**Task prompt:** Copy out the data in full and exactly, passing over the pictures.

**Material supplied:**
:::
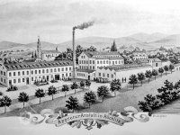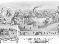 Továrnu nechala postavit firma Antona Demutha, který patřil do první generace továrníků-obchodníků. Společnost založil Anton Bernard Demuth již v roce 1808 a v roce 1826 převzal i klientelu svého tchána Gottfrieda Mölera patřícího do stejné skupiny obchodních a továrních pionýrů. V roce 1835 koupil rochlický mlýn, který přestavěl na dodnes existující továrnu stojící nedaleko Poštovního náměstí, v roce 1842 nechal postavit další tovární blok v samém centru Liberce. Roku 1852 byla továrna na dnešní třídě 1. máje dále rozšířena, další přestavba proběhla pod dohledem architekta Antona Ferdinanda Miksche v roce 1870. Zaříznutí jedné budovy tak, aby vyhovovala uliční linii, proběhlo v roce 1909. Dochovaná empírová hlavní budova se dnes nachází ve vnitřním bloku. Trojúhelníkový empírový štít je sice narušen dostavbou strojovny výtahu, ale stále nese i kulaté okno štítových hodin. Spolu se Schmidtovou továrnou na Papírovém náměstí se jedná snad o nejzachovalejší tovární objekt z první poloviny 19. století v Liberci.
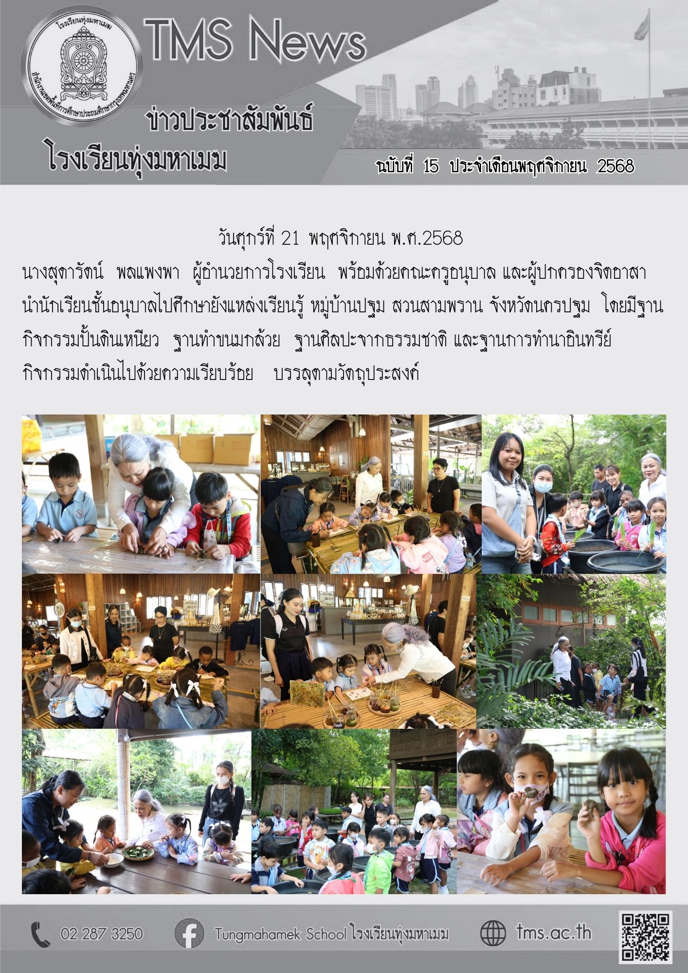 วันศุกร์ที่ 21 พฤศจิกายน พ.ศ.2568 นางสุดารัตน์ พลแพงพา ผู้อำนวยการโรงเรียน พร้อมด้วยคณะครูอนุบาล และผู้ปกครองจิตอาสา นำนักเรียนชั้นอนุบาลไปศึกษายังแหล่งเรียนรู้ หมู่บ้านปฐม สวนสามพราน จังหวัดนครปฐม โดยมีฐานกิจกรรมปั้นดินเหนียว ฐานทำขนมกล้วย ฐานศิลปะจากธรรมชาติ และฐานการทำนาอินทรีย์ กิจกรรมดำเนินไปด้วยความเรียบร้อย บรรลุตามวัตถุประสงค์
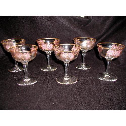 Set of 6 delicate and unique champagne glasses are from the 1920's. The depth of the pink floral design varies slightly in color intensity due to the hand painting of both the pink and gold folige. Gold rim and foot rim. The top of each is multi sided as opposed to round with slight ribs of crystal running down the bowl which gives a beveled look. Tiny nick on one base edge as well as anothr tiny nick on one top edge. Measure 3.5W X 4.75H.
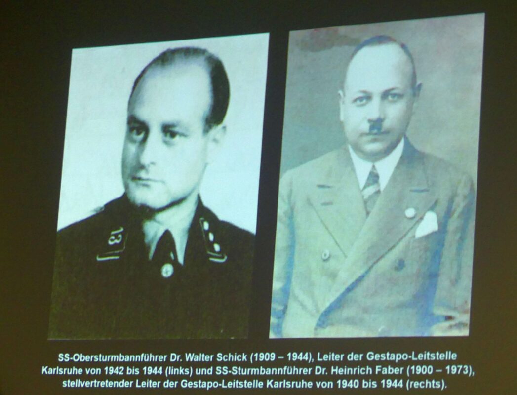 Kohlmann hat recherchiert, wer die Haupttäter bei der Ermordung von Wladyslaw und der KZ-Haft von Agnes waren. Zwei Akademiker, Dr. Walter Schick und Dr. Heinrich Faber. Die beiden waren die Chefs der Gestapo in Karlsruhe. Schick war vermutlich bei der Hinrichtung in Tennenbronn dabei.
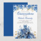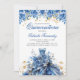 Celebre com esses convites de aniversário de Quinceañera com vestido floral azul e dourado inspirados. Personalize com seu próprio texto e detalhes.
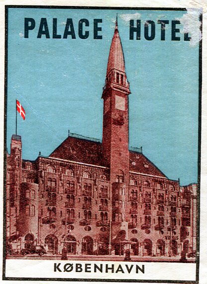 Denmark Copenhagen Palace Hotel Luggage Label 1938
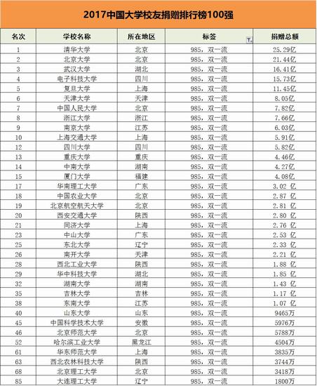 首先,在中国高校校友捐赠百强榜中,原985高校,现“双一流”建设高校占据了榜单的“半壁江山”。这应该就是院校层次与毕业生就业层次之间良性互动的最好写照。
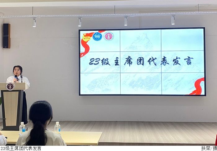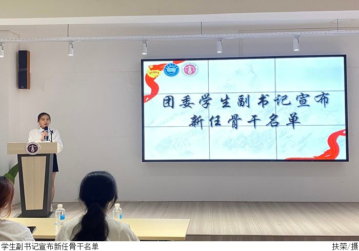 大会在庄严的《国歌》、《团歌》中拉开了序幕。游越越书记致开场词,她代表学院对大会的召开表示热烈祝贺并希望同学们可以继续秉持着服务同学的思想,不断创新工作思路和方法,提升工作质量和效率,力求每一次的活动都能让大家收获满满。随后,学生副书记蔡梓鸿对本学期团委、学生会的工作进行总结。游书记为22级部门骨干颁发聘书并合影留念,并为本学期的优秀部门、优秀学生骨干及优秀工作人员进行表彰。第十六届学生副书记彭麟芳宣布新任部门骨干名单。23级主席团成员谢梓仪代表新任骨干发言。
:::
**Task response:**
 Továrnu nechala postavit firma Antona Demutha, který patřil do první generace továrníků-obchodníků. Společnost založil Anton Bernard Demuth již v roce 1808 a v roce 1826 převzal i klientelu svého tchána Gottfrieda Mölera patřícího do stejné skupiny obchodních a továrních pionýrů. V roce 1835 koupil rochlický mlýn, který přestavěl na dodnes existující továrnu stojící nedaleko Poštovního náměstí, v roce 1842 nechal postavit další tovární blok v samém centru Liberce. Roku 1852 byla továrna na dnešní třídě 1. máje dále rozšířena, další přestavba proběhla pod dohledem architekta Antona Ferdinanda Miksche v roce 1870. Zaříznutí jedné budovy tak, aby vyhovovala uliční linii, proběhlo v roce 1909. Dochovaná empírová hlavní budova se dnes nachází ve vnitřním bloku. Trojúhelníkový empírový štít je sice narušen dostavbou strojovny výtahu, ale stále nese i kulaté okno štítových hodin. Spolu se Schmidtovou továrnou na Papírovém náměstí se jedná snad o nejzachovalejší tovární objekt z první poloviny 19. století v Liberci.
 วันศุกร์ที่ 21 พฤศจิกายน พ.ศ.2568 นางสุดารัตน์ พลแพงพา ผู้อำนวยการโรงเรียน พร้อมด้วยคณะครูอนุบาล และผู้ปกครองจิตอาสา นำนักเรียนชั้นอนุบาลไปศึกษายังแหล่งเรียนรู้ หมู่บ้านปฐม สวนสามพราน จังหวัดนครปฐม โดยมีฐานกิจกรรมปั้นดินเหนียว ฐานทำขนมกล้วย ฐานศิลปะจากธรรมชาติ และฐานการทำนาอินทรีย์ กิจกรรมดำเนินไปด้วยความเรียบร้อย บรรลุตามวัตถุประสงค์
 Set of 6 delicate and unique champagne glasses are from the 1920's. The depth of the pink floral design varies slightly in color intensity due to the hand painting of both the pink and gold folige. Gold rim and foot rim. The top of each is multi sided as opposed to round with slight ribs of crystal running down the bowl which gives a beveled look. Tiny nick on one base edge as well as anothr tiny nick on one top edge. Measure 3.5W X 4.75H.
 Kohlmann hat recherchiert, wer die Haupttäter bei der Ermordung von Wladyslaw und der KZ-Haft von Agnes waren. Zwei Akademiker, Dr. Walter Schick und Dr. Heinrich Faber. Die beiden waren die Chefs der Gestapo in Karlsruhe. Schick war vermutlich bei der Hinrichtung in Tennenbronn dabei.
 Celebre com esses convites de aniversário de Quinceañera com vestido floral azul e dourado inspirados. Personalize com seu próprio texto e detalhes.
 Denmark Copenhagen Palace Hotel Luggage Label 1938
 首先,在中国高校校友捐赠百强榜中,原985高校,现“双一流”建设高校占据了榜单的“半壁江山”。这应该就是院校层次与毕业生就业层次之间良性互动的最好写照。
 大会在庄严的《国歌》、《团歌》中拉开了序幕。游越越书记致开场词,她代表学院对大会的召开表示热烈祝贺并希望同学们可以继续秉持着服务同学的思想,不断创新工作思路和方法,提升工作质量和效率,力求每一次的活动都能让大家收获满满。随后,学生副书记蔡梓鸿对本学期团委、学生会的工作进行总结。游书记为22级部门骨干颁发聘书并合影留念,并为本学期的优秀部门、优秀学生骨干及优秀工作人员进行表彰。第十六届学生副书记彭麟芳宣布新任部门骨干名单。23级主席团成员谢梓仪代表新任骨干发言。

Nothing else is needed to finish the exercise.